*Problem to solve:*
Of all the lines below, output only those starting at the one with "Ro guld ger" and ending at the one with "Všestranné použitie: ako", both ends included, exactly as written.

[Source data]
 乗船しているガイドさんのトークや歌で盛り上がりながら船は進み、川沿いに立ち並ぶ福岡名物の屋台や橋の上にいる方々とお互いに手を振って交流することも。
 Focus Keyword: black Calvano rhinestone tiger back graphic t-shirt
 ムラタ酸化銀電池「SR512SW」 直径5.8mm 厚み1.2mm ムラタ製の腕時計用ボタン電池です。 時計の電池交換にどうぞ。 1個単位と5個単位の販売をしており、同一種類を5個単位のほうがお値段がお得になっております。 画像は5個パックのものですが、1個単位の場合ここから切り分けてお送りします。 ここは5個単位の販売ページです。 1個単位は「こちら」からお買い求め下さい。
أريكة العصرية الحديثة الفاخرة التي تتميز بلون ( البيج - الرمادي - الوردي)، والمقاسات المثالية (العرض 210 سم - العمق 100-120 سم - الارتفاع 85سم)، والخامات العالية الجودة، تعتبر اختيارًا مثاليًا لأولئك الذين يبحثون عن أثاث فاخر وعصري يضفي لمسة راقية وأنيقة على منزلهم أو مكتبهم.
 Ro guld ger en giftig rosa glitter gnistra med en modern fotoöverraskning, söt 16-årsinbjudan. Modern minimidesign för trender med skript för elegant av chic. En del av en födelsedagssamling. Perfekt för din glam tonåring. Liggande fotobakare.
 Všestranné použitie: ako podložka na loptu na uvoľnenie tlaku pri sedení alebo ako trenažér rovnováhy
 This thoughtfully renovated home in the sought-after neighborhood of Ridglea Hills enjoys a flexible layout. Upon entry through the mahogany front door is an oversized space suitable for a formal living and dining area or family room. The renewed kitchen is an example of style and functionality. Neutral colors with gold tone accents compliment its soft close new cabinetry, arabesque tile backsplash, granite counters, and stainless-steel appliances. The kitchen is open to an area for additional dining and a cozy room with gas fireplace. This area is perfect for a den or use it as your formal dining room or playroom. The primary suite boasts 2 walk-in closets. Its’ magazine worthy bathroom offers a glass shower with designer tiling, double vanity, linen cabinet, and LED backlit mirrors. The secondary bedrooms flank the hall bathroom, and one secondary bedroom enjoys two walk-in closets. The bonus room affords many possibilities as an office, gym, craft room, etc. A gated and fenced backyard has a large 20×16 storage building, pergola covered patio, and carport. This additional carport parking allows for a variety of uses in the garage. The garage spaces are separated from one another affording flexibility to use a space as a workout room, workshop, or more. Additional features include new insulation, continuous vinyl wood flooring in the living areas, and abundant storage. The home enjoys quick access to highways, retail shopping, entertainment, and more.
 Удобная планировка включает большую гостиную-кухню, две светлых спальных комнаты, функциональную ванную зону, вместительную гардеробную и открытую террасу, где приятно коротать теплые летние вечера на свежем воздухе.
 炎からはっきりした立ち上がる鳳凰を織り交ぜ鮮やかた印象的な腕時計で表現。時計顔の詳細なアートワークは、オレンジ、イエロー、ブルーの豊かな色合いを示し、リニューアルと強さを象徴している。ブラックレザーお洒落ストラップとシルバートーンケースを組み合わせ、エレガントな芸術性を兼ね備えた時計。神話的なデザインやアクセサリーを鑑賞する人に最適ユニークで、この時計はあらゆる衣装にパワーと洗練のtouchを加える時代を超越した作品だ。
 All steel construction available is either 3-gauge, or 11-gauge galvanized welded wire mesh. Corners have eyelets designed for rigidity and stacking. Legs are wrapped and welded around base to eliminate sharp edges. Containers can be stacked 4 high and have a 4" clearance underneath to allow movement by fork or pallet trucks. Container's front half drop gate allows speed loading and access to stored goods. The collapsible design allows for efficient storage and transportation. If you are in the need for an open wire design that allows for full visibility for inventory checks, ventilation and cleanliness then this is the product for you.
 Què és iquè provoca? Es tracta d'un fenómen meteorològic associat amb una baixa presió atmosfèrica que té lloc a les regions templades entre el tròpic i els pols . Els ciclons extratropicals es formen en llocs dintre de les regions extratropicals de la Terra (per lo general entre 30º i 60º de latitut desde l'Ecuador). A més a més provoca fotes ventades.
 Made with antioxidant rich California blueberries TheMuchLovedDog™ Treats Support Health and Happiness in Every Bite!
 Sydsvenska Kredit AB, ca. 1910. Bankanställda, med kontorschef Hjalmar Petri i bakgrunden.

*Solution for this task:*
 Ro guld ger en giftig rosa glitter gnistra med en modern fotoöverraskning, söt 16-årsinbjudan. Modern minimidesign för trender med skript för elegant av chic. En del av en födelsedagssamling. Perfekt för din glam tonåring. Liggande fotobakare.
 Všestranné použitie: ako podložka na loptu na uvoľnenie tlaku pri sedení alebo ako trenažér rovnováhy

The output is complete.